Quien le dio un giro decisivo a la cuestión fue Tomás de Aquino, que encontraba demasiado concretas las metáforas de la semilla y de la estatua. Para superarlas, apeló a la ciencia más avanzada de su tiempo: el aristotelismo, que acababa de ser redescubierto. Tomás puso la identidad en la forma sustancial (que era algo más que el alma platónica) y volvió superflua la continuidad física.
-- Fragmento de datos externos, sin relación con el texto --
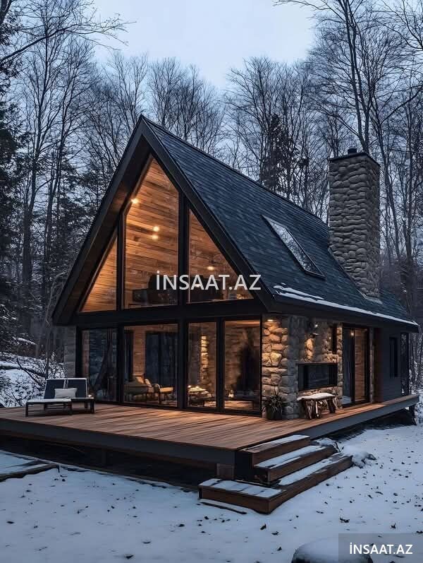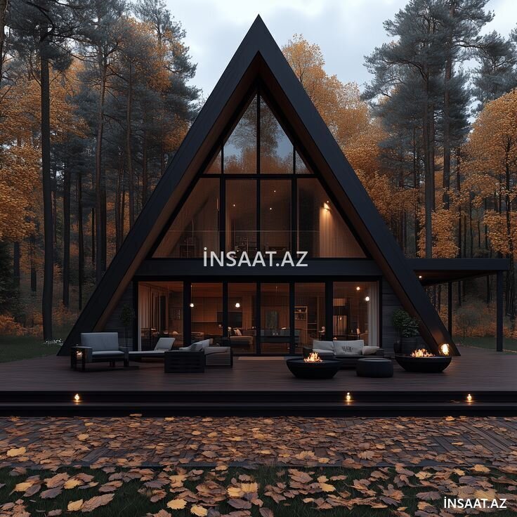 A frame ev, A-frame ev, üçbucaq ev, modul ev, taxta ev, dəmir karkas ev, bağ evi, dağ evi
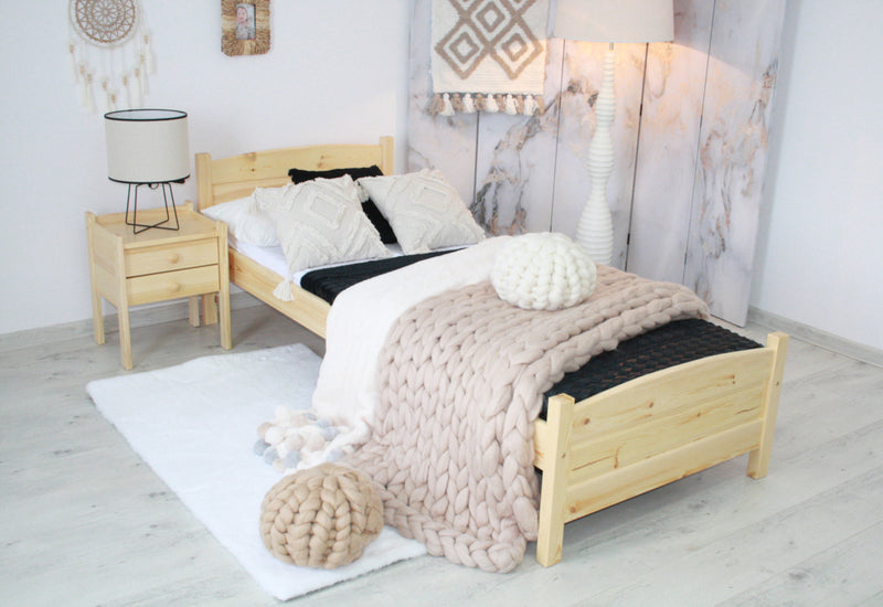 Posteľ z masívu ANGEL + matrac + rošt 90x200 cm je vyrobená z masívu. Ošetrená je ekologicky nezávadným lakom. K jednolôžkovej posteli je zadarmo pevný latkový rošt a matrac. Vyberať si môžete z viacerých dekorov. Vyvýšená posteľ je obľúbená u seniorov alebo osôb s problémami pohybového aparátu.Pri produkte je foto iba ilustračné. Čelá postele neobsahujú vyfrézovaný štvorec.
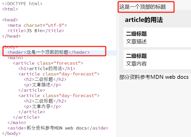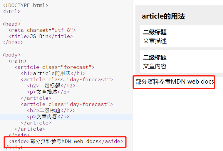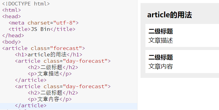 article元素表示文档、页面、应用或网站中的独立结构,其意在成为可独立分配的或可复用的结构,如在发布中,它可能是论坛帖子、杂志或新闻文章、博客、用户提交的评论、交互式组件,或者其他独立的内容项目。其中class定义了它的样式

Con la llegada de la ciencia newtoniana, que parecía apuntalar el materialismo de Demócrito y Epicuro, se popularizó la visión de una materia formada por partículas indivisibles y eternas (los átomos) que podían recombinarse al infinito. En ese marco, la resurrección parecía algo absurdo. Justino había dicho que Dios tenía el poder de rescatar hasta el último fragmento del cuerpo, pero ocurría que los mismos átomos habían pertenecido a varios cuerpos. De tal modo, Descartes sólo atinaba a explicar la resurrección como una suerte de reencarnación del alma en un cuerpo hecho de átomos reciclados.

Del Siglo de las Luces al reino de la información
El culto de las reliquias, que la Ilustración condenaba como supersticioso, demostró estar más vivo que nunca el día que los huesos de Voltaire fueron trasladados al Panteón. En el siglo XX, cuando hubo regímenes explícitamente ateos, los restos de sus líderes fueron objeto de una veneración análoga a la de los santos, que su doctrina repudiaba.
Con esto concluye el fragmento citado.